Tom Lane and I had a somewhat protracted discussion about what to do about this, and eventually decided to forget about using any OS-supplied random number generator, and instead use our own implementation of erand48(), now renaming pg_erand48().  This takes the random state data as an argument and is therefore both thread-safe and lock-free.

With that problem out of the way, the bottleneck shifted to the server side.  pgbench was now humming along without a problem, but PostgreSQL was now using enormous amounts of CPU time.  It took a while to track this down, but the bottleneck turned out to be the Linux kernel's implementation of lseek.  Linux protects each inode with a mutex, and PostgreSQL uses lseek - which takes the mutex lock - to find the length of the file for query planning purposes.  With enough clients, this mutex can become badly contended.  This effect is, I believe, measurable even on a 32-core box, but it's not severe.  However, on the 64-core server I tested on, it led to a complete collapse in performance beyond 40 clients.  When I ran pgbench with the "-M prepared" option, which avoids replanning the query and therefore doesn't repeatedly invoke lseek, the performance collapse vanishes.  There is still some degradation due to other contention problems, but it's not nearly as bad.

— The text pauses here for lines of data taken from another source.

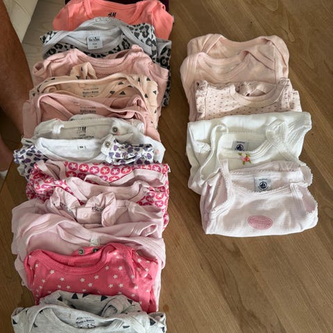Fuld tøjkasse med Helly Hansen jakke, overtræksbukser, vandtætte vanter, 2 huer, halsedisse, solhat, 4 nederdele, 16 kjoler, 3 heldragter, 19 par bukser, strømpebukser, 2 gamacher, 6 shorts, 3 trusser og 6 par strømper. I god stand, fylder en kasse på 40x40x30cm helt op. Kassen følger ikke med.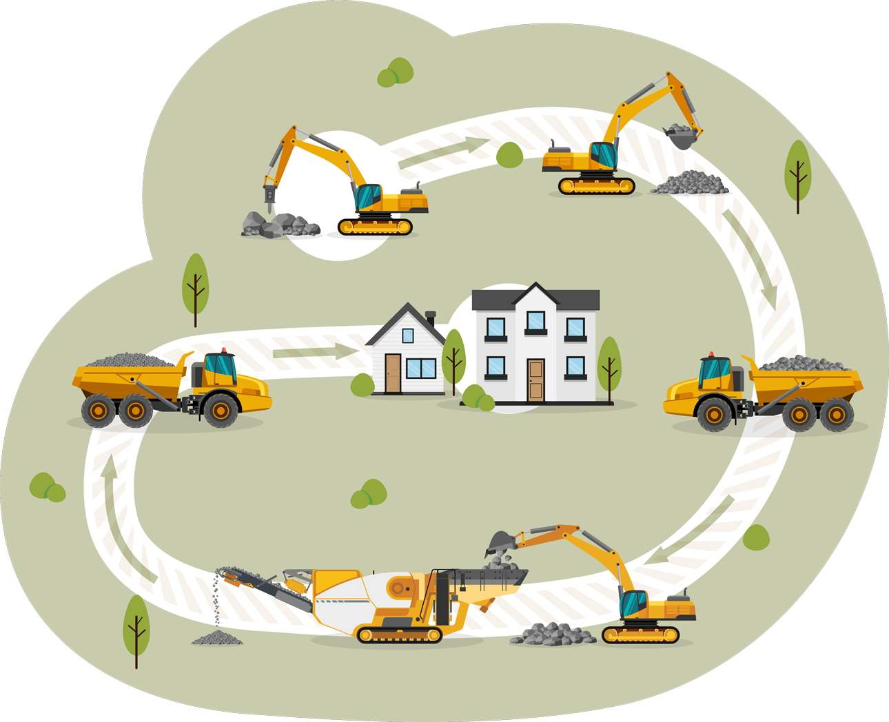 By crushing the rock directly on site, you eliminate the need to transport large quantities of material to and from the recycling plant. This cuts down on fuel consumption and vehicle emissions, reducing the overall carbon footprint of the project.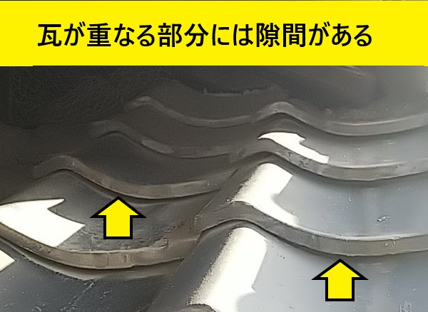 瓦は取外す事ができるように重なった部分には、隙間があります。この隙間は、湿気や雨水の排出する為には絶対に必要なものです。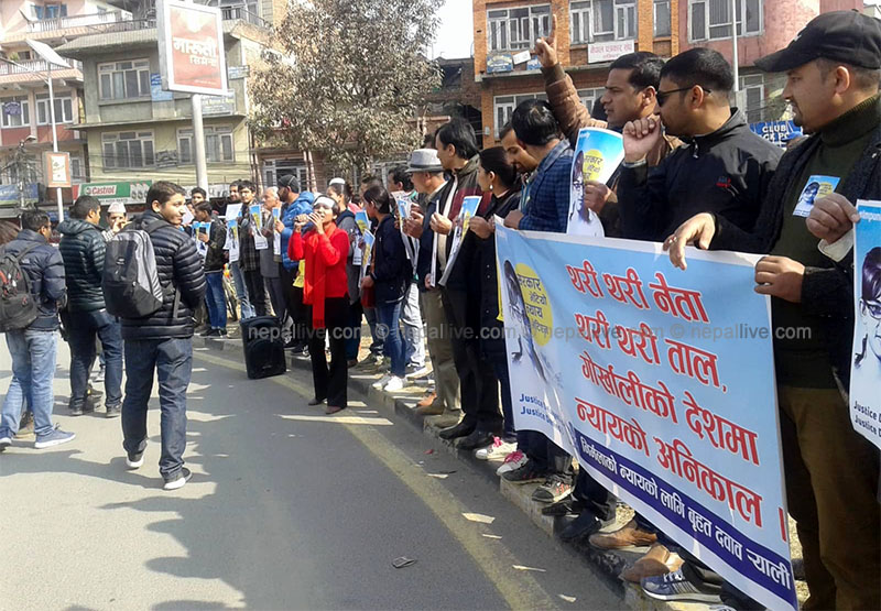 माइतीघरमा भेला भएका सामाजिक अभियन्ता, महिला अधिकारकर्मी, विभिन्न पेसामा आबद्ध कर्मचारी लगायतको समूहले दोषीलाई तत्काल पक्राउ गर्न माग गरेका छन्। उनीहरु सरकार भेटियो न्याय भेटिएन, थरीथरी नेता थरीथरी ताल लगायतका नारा लेखिएका ब्यानर र पम्प्लेट बोकेर बानेश्वरसम्म पुगेका छन्।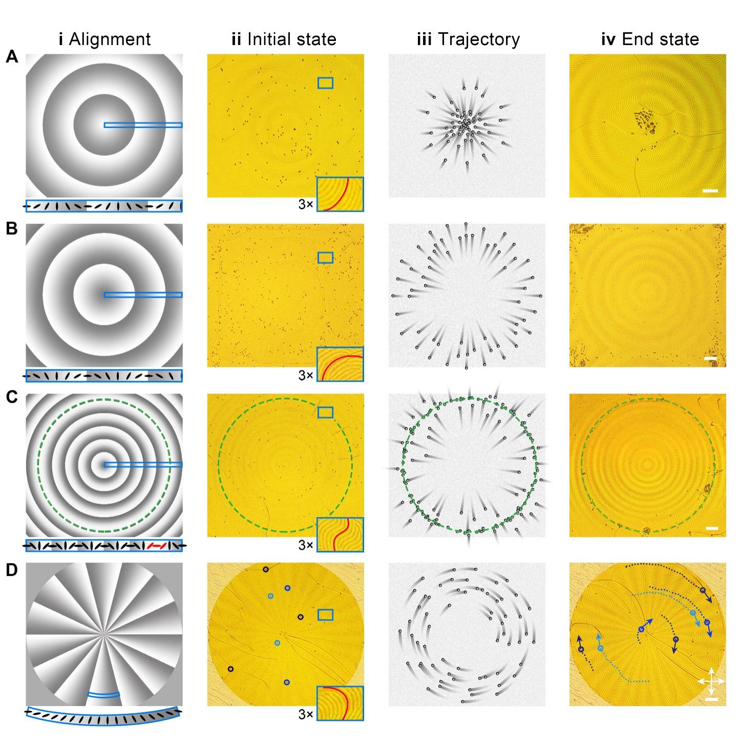 图 1. 可编程执行器实现微球 (A) 会聚,(B) 发散,(C) 定点聚集,(D) 轨道公转。从左往右四列分别展示了不同的基板配向设定,微球散布起始状态、移动过程和终态。比例尺50 μm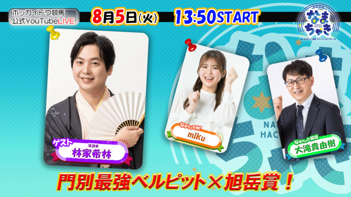 8月5日のメインレースは中距離内回り重賞「旭岳賞」!ゲストは林家希林さんに出演いただきます!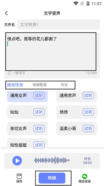 在文字编辑区域输入一段文字,接着挑选音效——这里不仅有通用的音效选项,变声器还额外支持部分方言音效呢!选好后点击“转换”按钮就能完成操作,试听觉得满意的话就可以保存下来,也能分享到微信平台。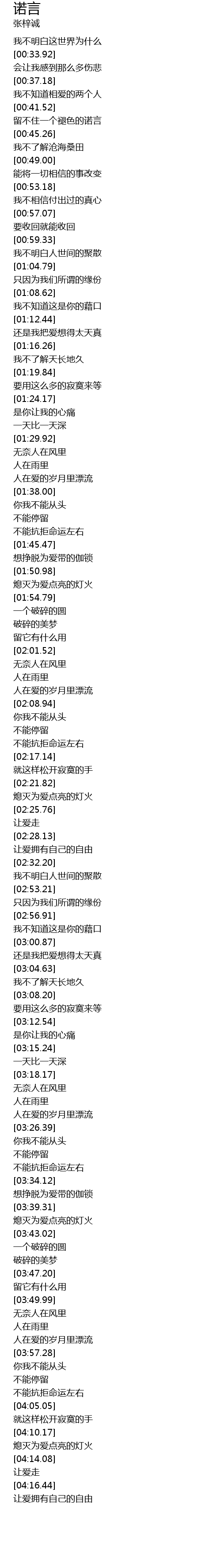 | [00:42.33] | 留不住一个褪色的诺言 |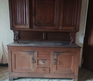 Vends buffet chêne datant de 1850 environ,la partie basse est une vieille maie ancienne et le haut sert de rangement cuisine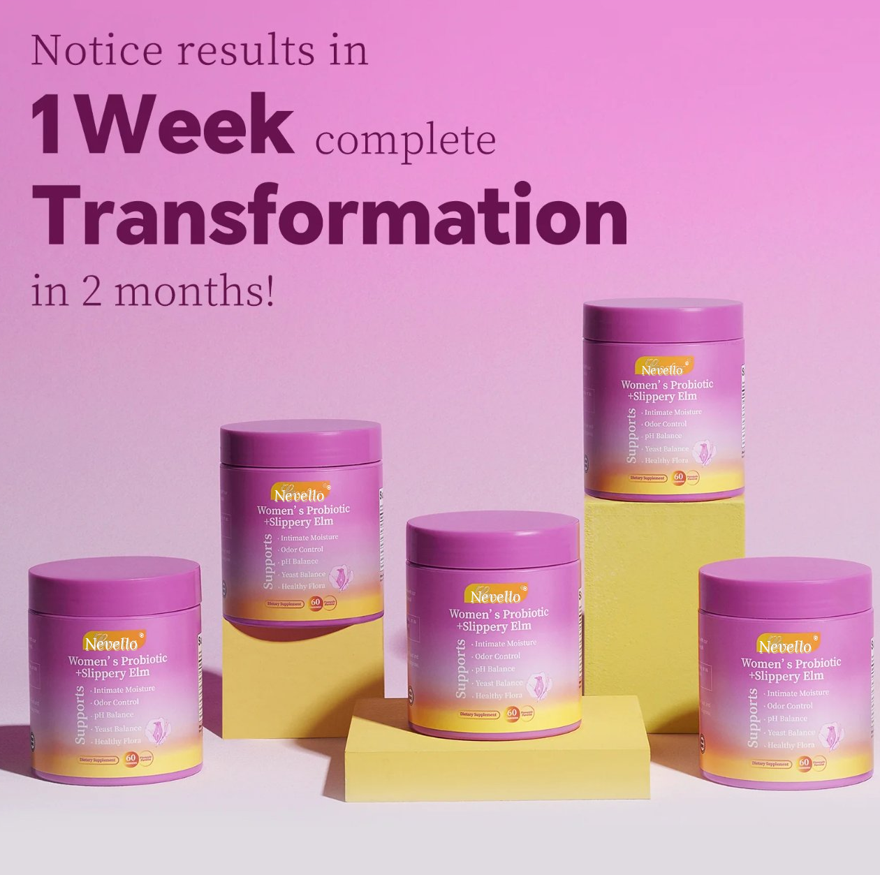 🌸 Supports healthy pH, odor balance, and vaginal comfort with Nevello's probiotic blend and XOS prebiotics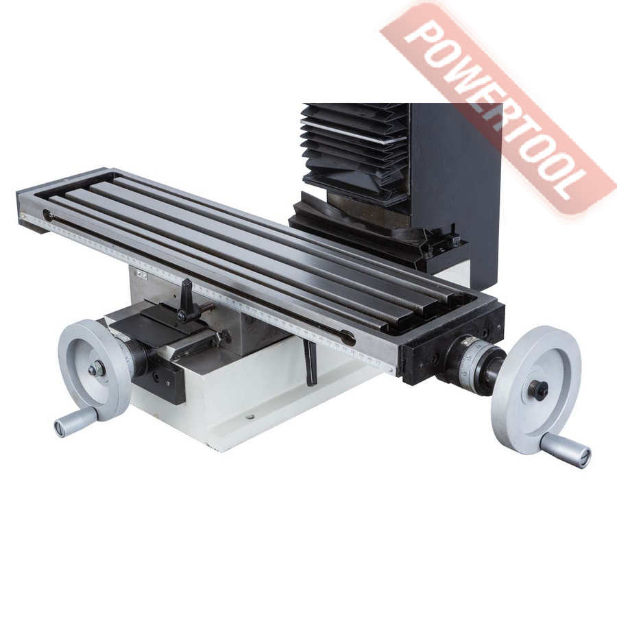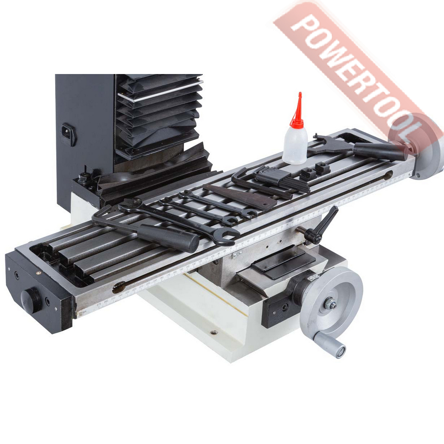 Крестовый рабочий стол размером 595х140 мм перемещается по направляющим скольжения типа ласточкин хвост. Закрепление тисков и других зажимных приспособлений осуществляется с помощью 3-х Т-образных пазов размером 12 мм и расстоянием между ними 35 мм. Интегрированный дисплей цифровой индикации линейных перемещений по осям X, Y, Z, позволяет достигать большей точности изготовления деталей и сокращение времени обработки.

As it turns out, I'm not the first person to run into this problem: the MOSBENCH guys at MIT, hacking on their modified version of PostgreSQL, ran into it last fall.  They, too, described the performance as "collapsing" due to lseek contention.  I thought they were exaggerating, but if anything they were understanding the extent of the problem.  On this 64-core server, going from 40 clients to 56 clients lead to more than a sevenfold drop in aggregate throughput.  This problem was largely masked in earlier releases of PostgreSQL by the bottlenecks in our lock manager; but, as I blogged about before, those problems are now fixed.  So, in PostgreSQL 9.2devel, it's pretty easy to hit this problem.  You just need enough CPUs.

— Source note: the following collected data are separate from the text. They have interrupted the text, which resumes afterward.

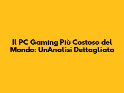 Il PC Gaming Più Costoso Del Mondo: Un'Analisi Dettagliata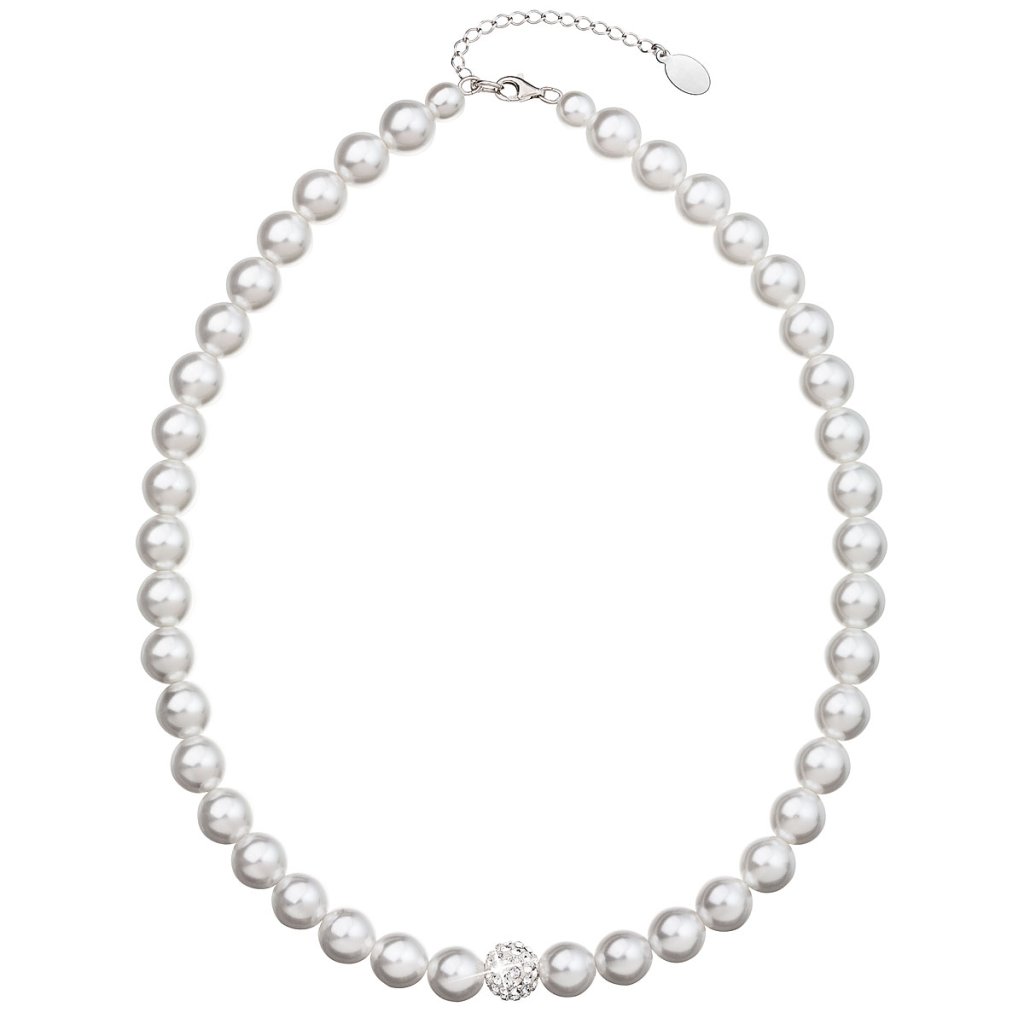 Perlový náhrdelník 32011.1 v dĺžke 45 cm je navlečený z bielych perál, medzi ktoré je vložená gulička vysadená mnohými Swarovski kryštálmi v bielej farbe. Na zapínanie náhrdelníka bolo použité striebro rýdzosti 925/1000, ktoré prešlo úpravou ródiom. Ródium striebro ochráni proti sčernaniu, zožltnutiu i poškriabaniu. Náhrdelník je vhodný aj pre alergikov , neobsahuje totiž nikel.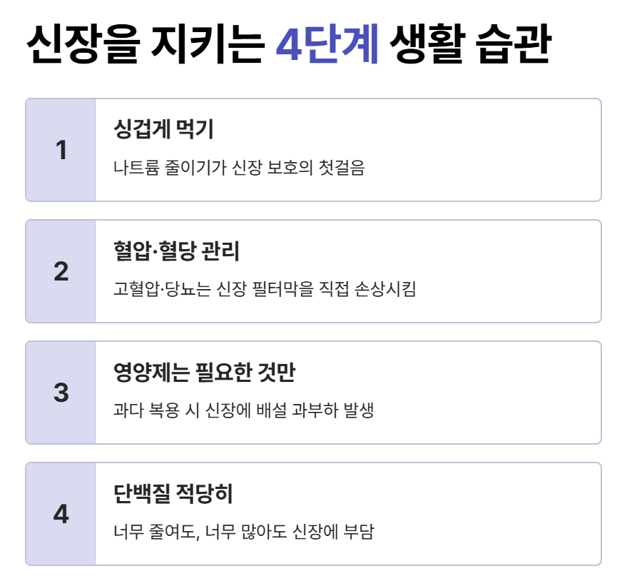 A. 나트륨 섭취를 줄이고, 혈압과 혈당을 꾸준히 관리하는 것이 핵심입니다. 여기에 충분한 수분 섭취와 과도한 단백질·영양제 섭취를 피하는 것도 중요합니다.

It's not yet clear to me exactly how we're going to solve or work around this problem.  It would be nice to see it fixed in the Linux kernel, because surely this is an issue that could also affect other applications.  On the other hand, it would also be nice to see it fixed in PostgreSQL, because it doesn't seem inconceivable that it could affect other kernels.  Fixing it in PostgreSQL would presumably mean interposing some type of cache, designed in such a way as to avoid having the cache - or any single cache entry - protected by a single spinlock that 40+ CPUs can go nuts fighting over.

15 comments:

  1. This comment has been removed by the author.

    ReplyDelete
  2. Is it possible for you to send a patch for kernel fixing this problem?

    ReplyDelete
  3. There was a patch back in 2005 to convert PostgreSQL from using lseek+read to pread():
    http://archives.postgresql.org/pgsql-patches/2005-10/msg00068.php

    However, it was not accepted at the time because it didn't have a measurable benefit (on a single-core Celeron ;). Perhaps it's time to try again? It's plausible that pread doesn't need as much synchronization in kernel space.

    ReplyDelete
  4. @intgr: pread() might help if we were doing an lseek() by a read to get the data at a particular offset, but we're not. We're using lseek() to determine the length of the file, which pread() cannot do.

    ReplyDelete
  5. Why are you using lseek(2) and not fstat(2)? I don't know a case for the former works and the latter doesn't.

    ReplyDelete
  6. @Jörg Sonnenberger: I'll give that a try.

    ReplyDelete
  7. > It would be nice to see it fixed in the Linux kernel

    Well don't expect them to read your blog, send an email to the LKML.

    Also, whenever talking about Linux kernel performance, you should state the kernel version number. There are some locking improvements in every release.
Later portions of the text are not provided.